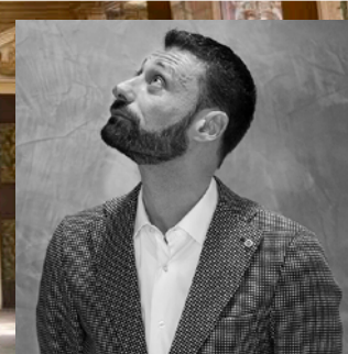
Ivan Foina Innovatiere Sherpa B-muse
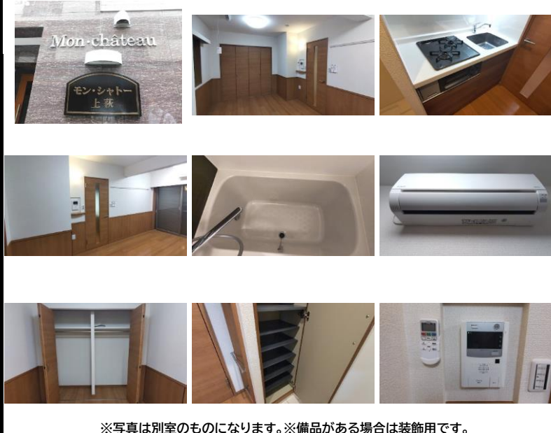
※写真は別室のものになります。※備品がある場合は装飾用です。
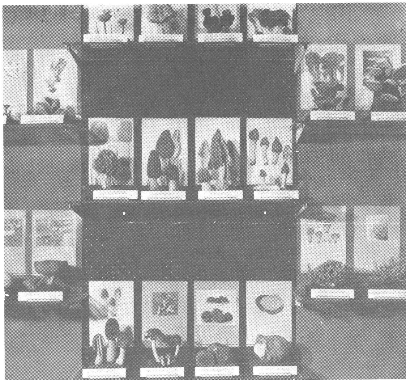
Bildausschnitt aus der «Übersicht der Pilze» mit Rulišks Holzmodellen und mit Abbildungen der betreffenden Pilzarten, auf der Dauer-Ausstellung «Houby (Pilze)/Fungi».

(Čas. Morav. Mus. / Acte musei Moraviae / Vědi přír. / Sci. natur. / 61, 1977 / 1976.)
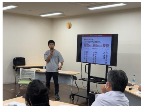
9/12 丹波市 もやもや座談会
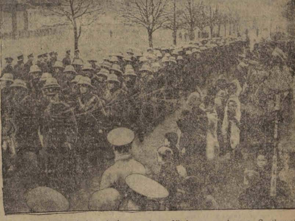
Sytuacja w Indjach jest ciągle naprężona. Niedawno wysłano z Southampton znowu kilka pułków dla usmierzania po wstąpieniu, które wybuchło w północnych Indjach.
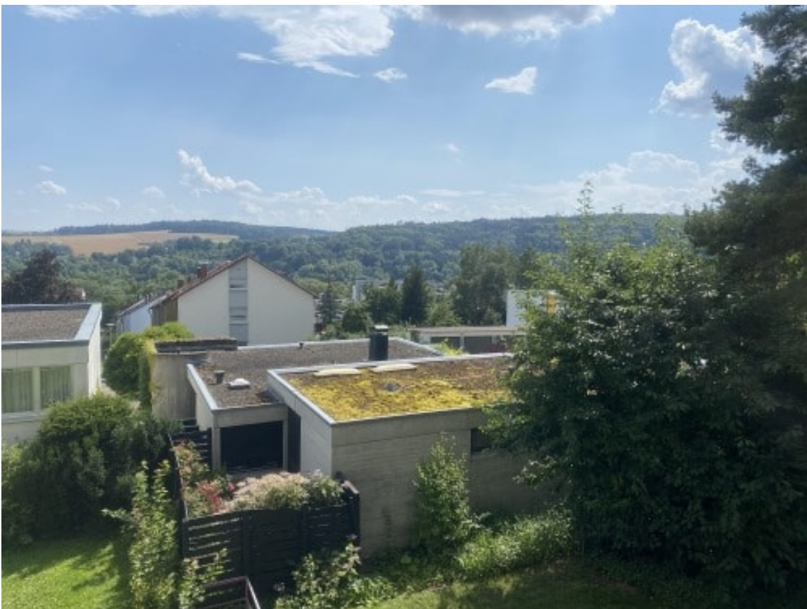
Blick vom Balkon I
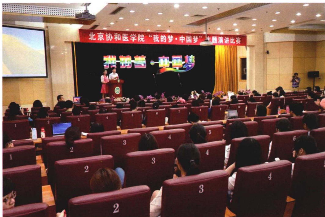
2013年5月14日“我的梦·中国梦”演讲比赛
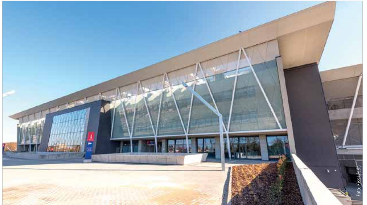
A parkolóból egyenesen a főbejárathoz vezet az út

A Sóstói Stadion centerpályájának főpróbáján a felvidéki DAC, a Puskás Akadémia és a Vidi U15-ös csapatainak részvételével rendeztek kedden minitornát. A
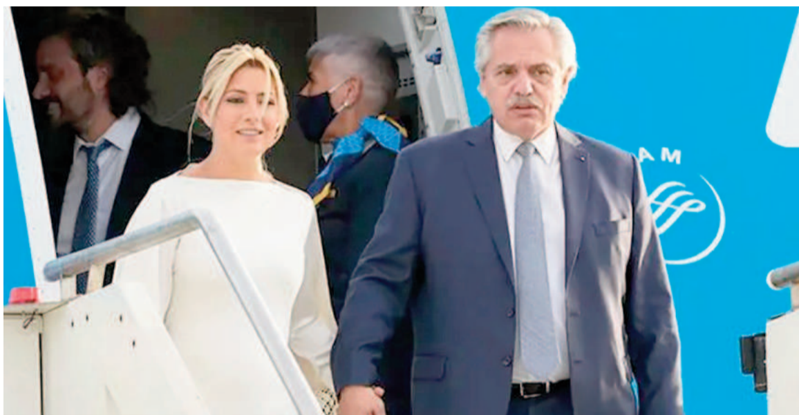
Fabiola Yañez denunció a Alberto Fernández por violencia de género.
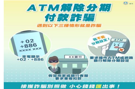
ATM 解除分期付款詐騙
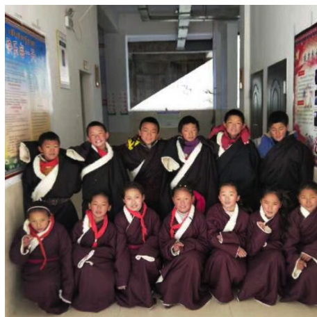
▲2018年12月为四川省甘孜州炉霍县洛秋乡中心小学的学生们加急赶制105件藏袍,并在学期的最后一天送到学校、分发给孩子们
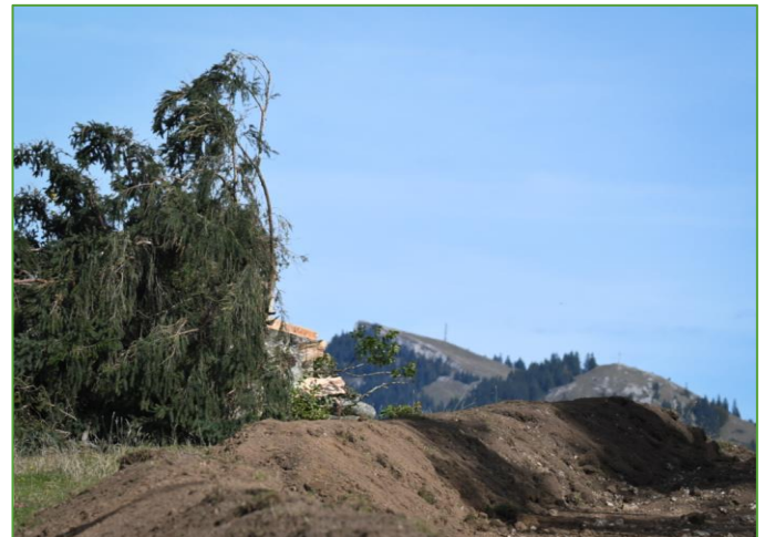
Mont-des-Cerfs 15.10.21

pour les amoureux de la nature qui sont sous le choc. Elle est aussi grande dans les autres régions menacées par la construction d'un parc éolien dans les paysages paradisiaques du Jura vaudois : Sur Grati, Mollendruz, Bel Coster, Vallée de Joux. Cette fois-ci, on commence à voir grandeur nature les dégâts provoqués par la construction de ces éoliennes aussi inutiles que coûteuses.
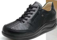
001099 SS ブラック 2-9 ®
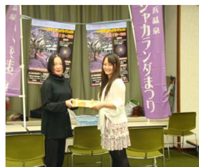
【惜しくも僅差の2位は「小浜温泉57」の皆さま】
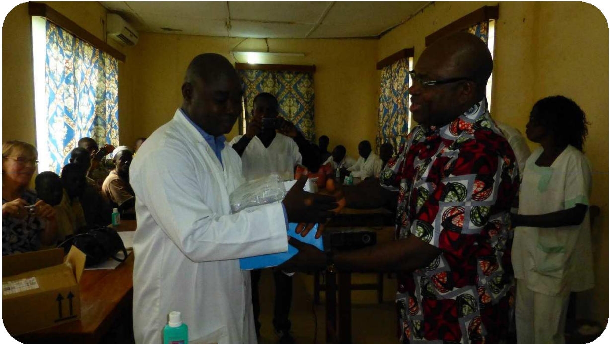
Transmission du don par le préfet de Bassar aux responsables de CHP

H. Prise en charge des frais d'apprentissage de deux jeunes filles En 2016, pour le compte de ses activités, l'ONG a enregistré la prise en charge des frais d'apprentissage de deux jeunes filles (une couturière et une coiffeuse) pour une valeur de 150 euro chacune soit F CFA 196 787.
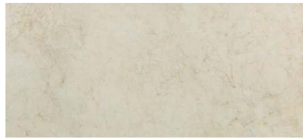
• At. Mys Marfil 36x80 M23 027.821.0033.04105
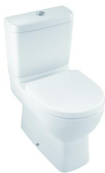
WC compact caréné (E0522)
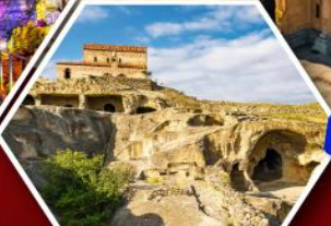
เมืองด้าอิพลิสตีเชค

แพ็คเกจ Rooms Hotel โรงแรมวิวหลักล้านของเทือกเขาคอเคซัส

* * * *

WHAT THE TASK REQUIRES:
Your answer must be the records above, copied exactly, with no pictures.

REPLY TO THE TASK:
Ivan Foina Innovatiere Sherpa B-muse
※写真は別室のものになります。※備品がある場合は装飾用です。
Bildausschnitt aus der «Übersicht der Pilze» mit Rulišks Holzmodellen und mit Abbildungen der betreffenden Pilzarten, auf der Dauer-Ausstellung «Houby (Pilze)/Fungi».

(Čas. Morav. Mus. / Acte musei Moraviae / Vědi přír. / Sci. natur. / 61, 1977 / 1976.)
9/12 丹波市 もやもや座談会
Sytuacja w Indjach jest ciągle naprężona. Niedawno wysłano z Southampton znowu kilka pułków dla usmierzania po wstąpieniu, które wybuchło w północnych Indjach.
Blick vom Balkon I
2013年5月14日“我的梦·中国梦”演讲比赛
A parkolóból egyenesen a főbejárathoz vezet az út

A Sóstói Stadion centerpályájának főpróbáján a felvidéki DAC, a Puskás Akadémia és a Vidi U15-ös csapatainak részvételével rendeztek kedden minitornát. A
Fabiola Yañez denunció a Alberto Fernández por violencia de género.
ATM 解除分期付款詐騙
▲2018年12月为四川省甘孜州炉霍县洛秋乡中心小学的学生们加急赶制105件藏袍,并在学期的最后一天送到学校、分发给孩子们
Mont-des-Cerfs 15.10.21

pour les amoureux de la nature qui sont sous le choc. Elle est aussi grande dans les autres régions menacées par la construction d'un parc éolien dans les paysages paradisiaques du Jura vaudois : Sur Grati, Mollendruz, Bel Coster, Vallée de Joux. Cette fois-ci, on commence à voir grandeur nature les dégâts provoqués par la construction de ces éoliennes aussi inutiles que coûteuses.
001099 SS ブラック 2-9 ®
【惜しくも僅差の2位は「小浜温泉57」の皆さま】
Transmission du don par le préfet de Bassar aux responsables de CHP

H. Prise en charge des frais d'apprentissage de deux jeunes filles En 2016, pour le compte de ses activités, l'ONG a enregistré la prise en charge des frais d'apprentissage de deux jeunes filles (une couturière et une coiffeuse) pour une valeur de 150 euro chacune soit F CFA 196 787.
• At. Mys Marfil 36x80 M23 027.821.0033.04105
WC compact caréné (E0522)
เมืองด้าอิพลิสตีเชค

แพ็คเกจ Rooms Hotel โรงแรมวิวหลักล้านของเทือกเขาคอเคซัส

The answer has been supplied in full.